Bernard Turle is the official French translator of T.C. Boyle, Peter Ackroyd, Rupert Thomson, and André Brink. He is also currently working on translations of V.S. Naipaul and Alan Hollinghurst. In Diplomat, Actor, Translator, Spy (Le Traducteur-orchestre; tr. from the French by Dan Gunn, 2013), we get Turle’s experienced technical and personal views on translation. This being part of the magnificent Cahiers Series, the book itself is a thing of beauty. Mixed with Turle’s text about translation, which comes to us translated by Dan Gunn, are various images from old Super-8 reels filmed by Gunn’s father between 1958 and 1963, the year Gunn’s father died. The result is a personal work of art about translation from two translators.
Besides enjoying literature in translation, I’m also fascinated by the art of translation itself. I’ve interviewed a couple of translators on this blog and learn a lot about literature and language when I read about their work (you can read my interview with Chris Andrews here and with Margaret B. Carson here). I recently began my first (and, who knows, maybe last) attempt to translate something from Brazil. I love it.
In this book, Turle writes about various themes about translation and has organized his topics by alphabetical headings: Alphabet, Bulimia, Competition Contradiction, Diplomat, Espionage, etc. Sometimes he talks about his childhood, about the events that either show why his personality attracted him (or, at least, suited him) to translation. For example, tolerance and passivity, which can be seen by some as flaws:
One day an Indian friend declared that he had never encountered anyone more tolerant than me. A political opponent once told me, ‘Dialogue is possible with you’. I am said to have an ‘open mind’ (too open perhaps). My parents used to complain that I was overly given to turning the other cheek, my partners that I tended to accept too much stick. I have been accused of being a chameleon, of letting others trample over me, even sometimes of having betrayed my camp by according too much credence to the opposing side. A journalist friend who looked over the first book that I wrote myself (rather than translated) told me she regretted it contained so many different voices: ‘Publishers wish to hear a single voice in a book, that of the author’. At Jussieu, my university in Paris, an essay came back from one of my professors with the comment: ‘You either really know your stuff or you are a masterful forger’. I neglected to confirm that the second hypothesis was the correct one: I turned it into my profession.

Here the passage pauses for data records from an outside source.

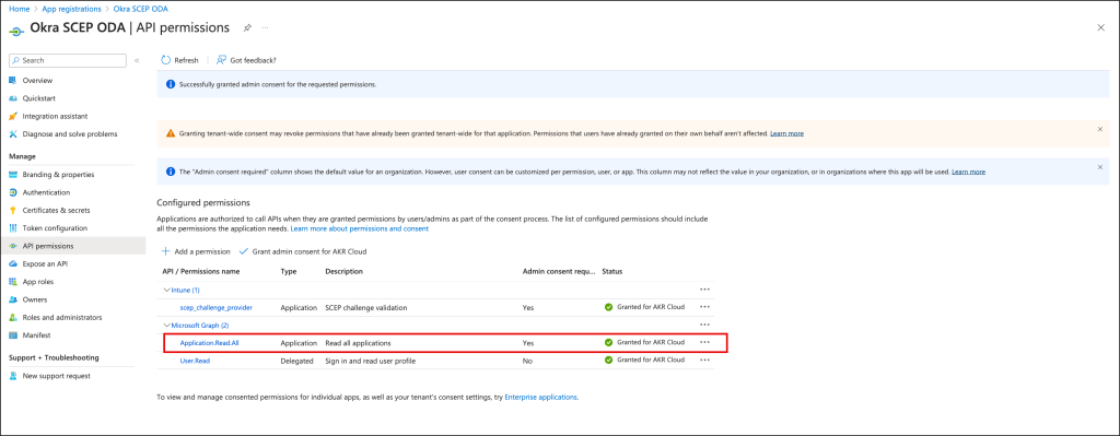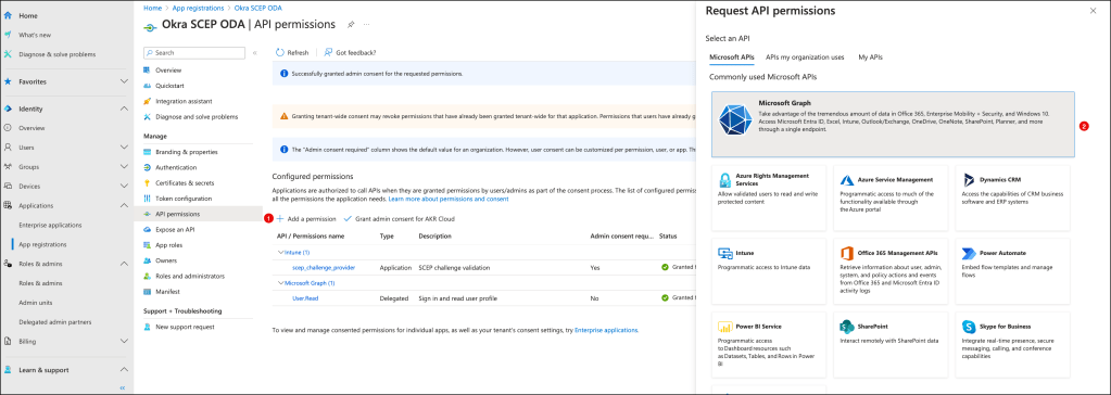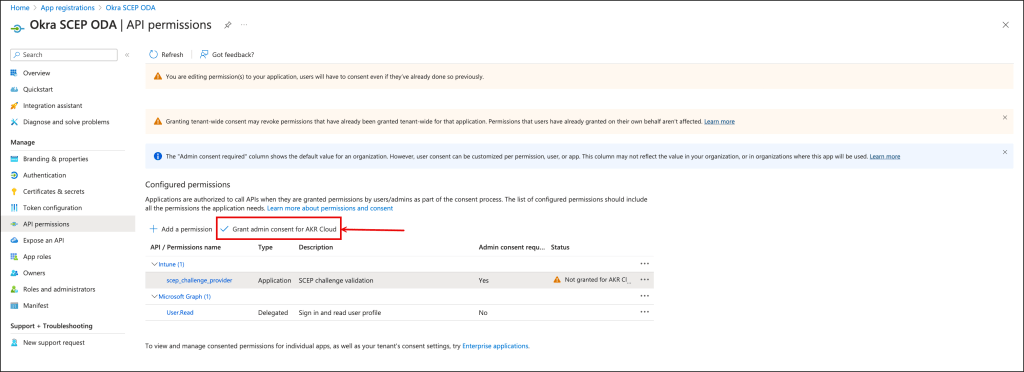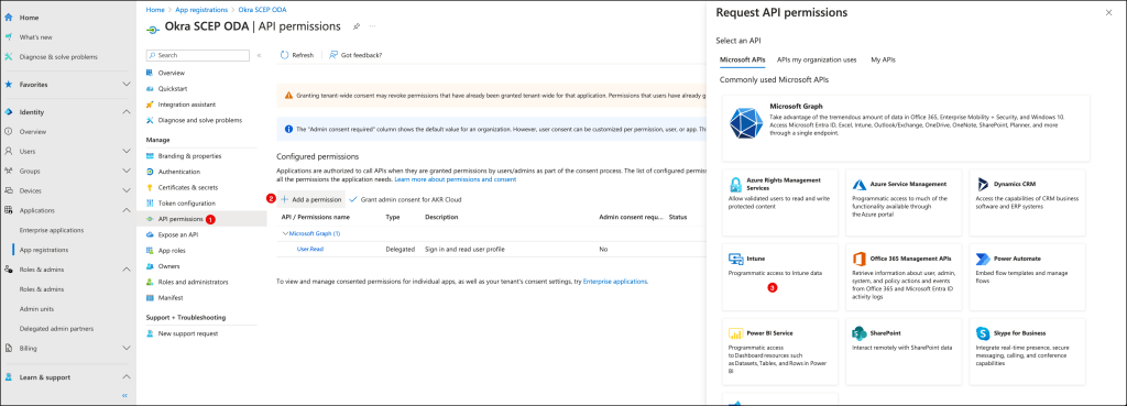 In the next step we need to configure the Intune scep_challenge_provider permissions.
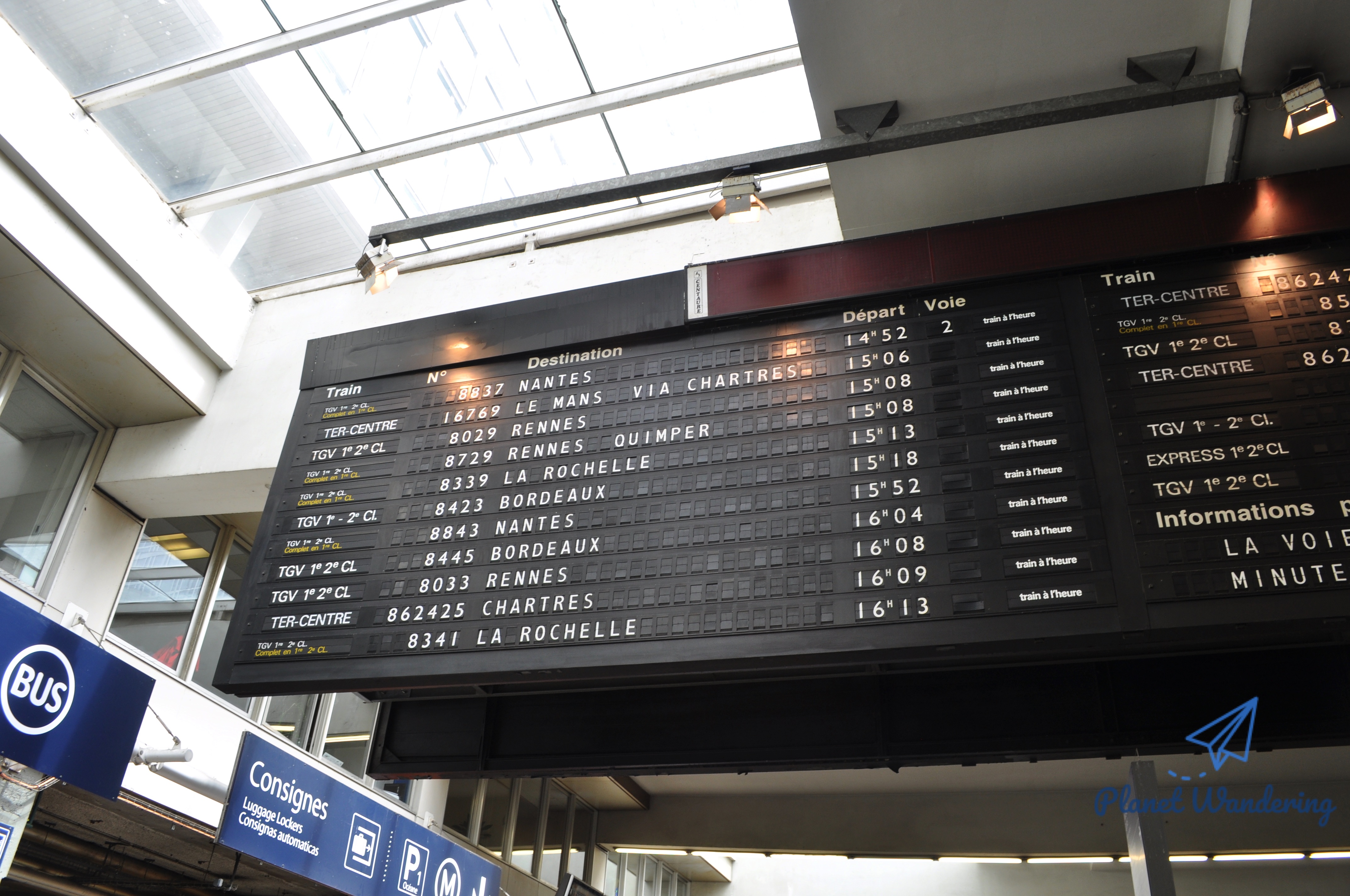 전광판에 출발하는 기차들이 가득 차 있습니다. 낭트, 보르도, 라 로셸 같은 프랑스 도시 이름들이 보이네요.
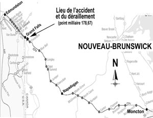 Le 6 octobre 2001, vers 15 h 30, heure avancée de l'AtlantiqueNote de bas de page 1, le train de marchandises no M-306-31-05 (le train 306) du Canadien National (CN)Note de bas de page 2 part d'Edmundston (Nouveau-Brunswick) à destination de Moncton (Nouveau-Brunswick) (Figure 1). Le train compte 3 locomotives, 60 wagons chargés, 52 wagons vides et 18 wagons de résidus. Il mesure environ 8 700 pieds et pèse quelque 10 000 tonnes. L' équipe du train comprend un mécanicien et un chef de train. Ils répondent tous deux aux exigences en matière de condition physique et de repos. Ils sont qualifiés pour occuper leurs postes respectifs et ils connaissent bien la subdivision.
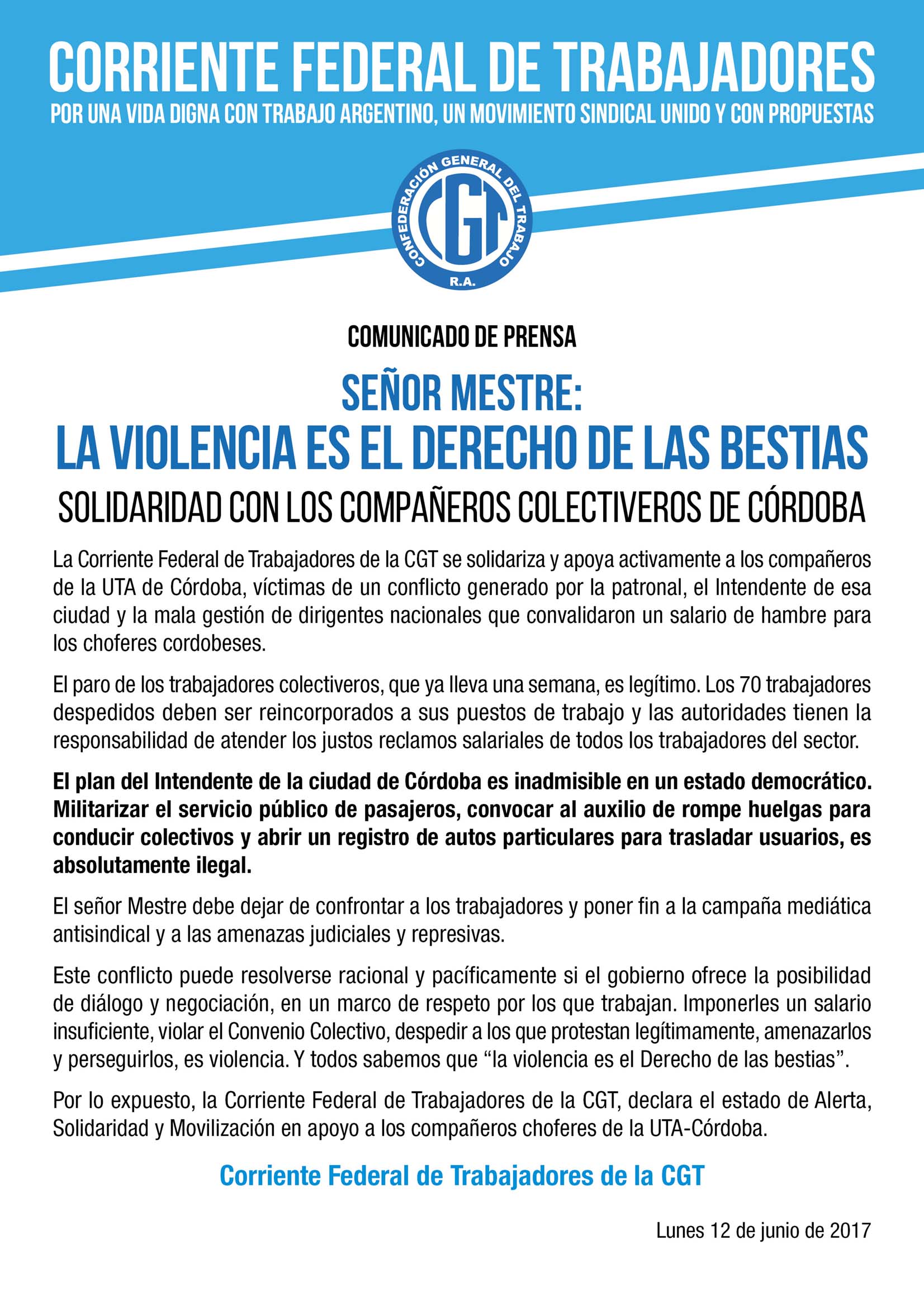 Señor Mestre: La violencia es el derecho de las bestias

This passage shows that, even though this is a book about the art of translation, it is also — perhaps primarily — a personal, introspective look at the makings of an artist. Even when Turle is talking about the stages of translating a book, as he does in the section “Line of Beauty,” we get a sense of the artist’s personal interaction with a text, from the first stage when he scans the novel “to verify our compatibility” to the “bitter delight” of seeing the book published and independent. It’s a romance, a process by which one can map ones life.
Turle also speaks about some of the perhaps unexpected hurdles of translating from the English to the French, not the least of which is gendered pronouns as used in the non-gendered English and the heavily-gendered French. And perhaps this is more of a gripe than a hurdle, but Turle takes a few jabs at the “Physical, All Too Physical” nature of English writing: “Writers in English tend to pepper their pages with details about the material world that are best left out of French — details that translators would gladly do without at least, and with which, rightly or wrongly, they grow impatient. [. . .] so many ‘high-backed’ chairs in English novels, but dammit, in everyday life how many chairs have low backs?” He goes on to explain what he considers to be a fundamental difference between English and French writing, something I’d love to explore more:
In short, description in English is physical, where French tends to privilege the mind. Add to this the impression one sometimes gets, that English-language authors have so far integrated the commercial supremacy of the cinema that they are writing screenplays rather than novels, already prompting the actors in the film to be drawn from their book . . .
This edition comes with another little booklet that contains Turle’s text in the original French. This is another touch that allows us, as we think about translating, to see how Gunn himself translated the French into English, what choices did he make, where did he have to add an editorial comment, as he does in the section simply titled “X.” The original French reads simply: “Un traducteur est un auteur né sous x.” Or, in English, “A translator is an author delivered under x.” Fortunately for me, Gunn adds a brief paragraph before this statement that explains this reference to a bit of French legislation. The translation of the title itself — from Le Traducteur-orchestre to Diplomat, Actor, Translator, Spy — shows an artistic choice.
All of these interesting bits aside for a moment (though I recommend the book for them alone), what I keep coming back to when I think of this little book, what sticks in my mind, is the highly personal feel. I don’t simply mean personal views. I mean the introspection, the strange way that this little book about translation touches on existence, on life and death.